Preventive and Corrective Action

After identifying defects or failures than the root cause need to be identified. The essential tool for this purpose is the cause-and-effect diagram, also called the fishbone or Ishikawa diagram and the scatter diagram

Cause and Effect Diagram

It helps teams uncover potential root causes by providing structure to cause identification effort. It is also called as fishbone or Ishikawa diagram. It helps in ensuring new ideas being generated during brainstorming by not overlooking any major possible cause.

It should be used for cause identification after clearly defining the problem. It is also useful as a cause—prevention tool by brainstorming ways to maintain or prevent future problems.

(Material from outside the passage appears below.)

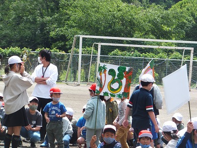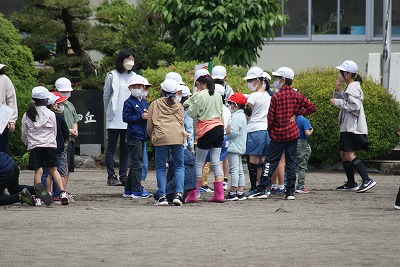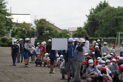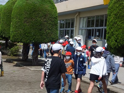 最後に注意を聞いて終了です。楽しい全校遠足にしましょうね。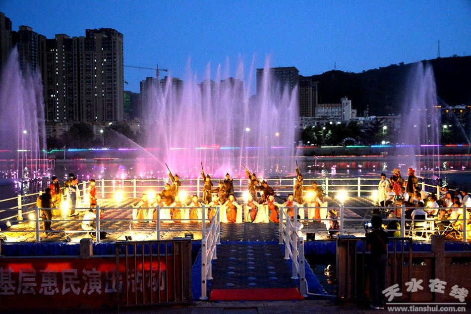 7月26日(周日)晚,由中共天水市委宣傳部、市文化和旅游局主辦,天水市西秦腔研究院(天水市秦劇團)承辦,天水湖管理處、天水在線協(xié)辦的“同心奔小康 奮進新時代”2020年天水市“紅色文藝輕騎兵”下基層惠民演出活動在天水湖精彩上演。

Developing Cause and Effect Diagram – It involves the following steps

  • Name the problem or effect of interest. Be as specific as possible.
  • Write the problem at the head of a fishbone “skeleton”
  • Decide the major categories for causes and create the basic diagram on a flip chart or whiteboard.
  • Typical categories include the manpower, machines, materials, methods, measurements and environment
  • Brainstorm for more detailed causes and create the diagram either by working through each category or open brainstorming for any new input.
  • Write suggestions onto self-stick notes and arrange in the fishbone format, placing each idea under the appropriate categories.
  • Review the diagram for completeness.
  • Eliminate causes that do not apply
  • Brainstorm for more ideas in categories that contain fewer items
  • Discuss the final diagram. Identify causes which are most critical for follow-up investigation.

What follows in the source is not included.